The retrieveSets test method would fetch the persisted set from the database, as shown in this listing:

Showroom{id=7, manager=Barry Larry, location=East Croydon, Greater London, cars=[
Car{id=27, name=Nissan, color=White},
Car{id=26, name=Mercedes, color=Silver},
Car{id=28, name=Toyota, color=Racing Green},
Car{id=29, name=BMW, color=Black}]}
...

Did you notice that the BMW isn’t listed twice, although we added another to the set earlier? This demonstrates the set’s “exclusion of duplicates” policy.

Persisting Maps

When you have a requirement to represent name/value pairs, your first choice should be Maps. The Map data structures are like dictionaries where you have a key (word) and related values (meanings). Maps are the de facto choice for key/value-paired data, such as bank accounts (value) of a single customer (key) or stock quotes for an issuer.

Continuing with our car showroom example, next we’ll add the capability for the showroom to hold potential customers’ reservations for test driving cars. We can best implement this functionality by employing a Map data structure, linking customers to car reservations:

public class Showroom {
  private int id = 0;
  private String manager = null;
  private String location = null;
  private Map<String, Car> cars = null;

  // getters & setters
  ...

Each car is reserved for a customer, and all the cars belong to the showroom.
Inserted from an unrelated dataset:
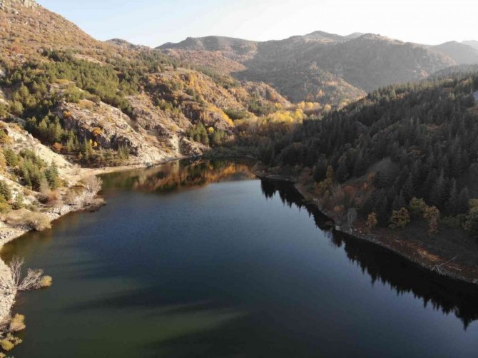 Sonbahar mevsimi biterken kış uykusu öncesi doğa seyrine doyumsuz görüntüler ortaya çıkardı. Uykuya dalmaya hazırlanan doğadaki ağaçların su yüzeyine yansıyan görüntüleri adeta bir renk cümbüşü oluştururken, görenleri kendine hayran bıraktı.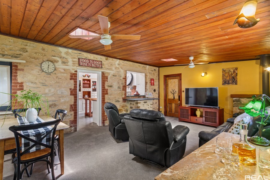 A rear verandah at the back of the house is ideal for balmy evenings spent sipping a port while reflecting on the day's activities among the many wineries that dot the district. Additionally, there are three heritage stables at the rear with slate floors and walls, providing undercover parking for 5-6 vehicles.

We can implement the customer-to-cars data type as a Map<String, Car> type.

The main meat is in the mapping, which is defined here:

<hibernate-mapping package="com.madhusudhan.jh.collections.map">
  <!-- Showroom mapping definition with cars variable
  mapped to CARS_MAP table using map tag -->

  <class name="Showroom" table="SHOWROOM_MAP">
    <id column="SHOWROOM_ID" name="id">
      <generator class="native"/>
    </id>
    <property column="MANAGER" name="manager"/>
    ...
    <map name="cars" cascade="all" table="CARS_MAP">
      <key column="SHOWROOM_ID"/>
      <map-key column="CUST_NAME" type="string" />
      <one-to-many class="Car"/>
    </map>
  </class>

  <!-- Simple Car class-table mapping -->
  <class name="Car" table="CARS_MAP">
    <id column="CAR_ID" name="id">
      <generator class="native"/>
    </id>
    <property name="name" column="CAR_NAME" />
    <property name="color" column="COLOR" />
  </class>
</hibernate-mapping>

As expected, the showroom’s cars variable is represented by a map element referring to a table, CARS_MAP, in the mapping definition. The map element defines a foreign key (SHOWROOM_ID, in this case). The map-key attribute defines the key of the map—the customer, in our case. The car class mapping is a simple and straightforward one. Note that Hibernate would add a couple of more columns to the CARS_MAP table—SHOWROOM_ID and CUST_NAME—in addition to the name and color columns.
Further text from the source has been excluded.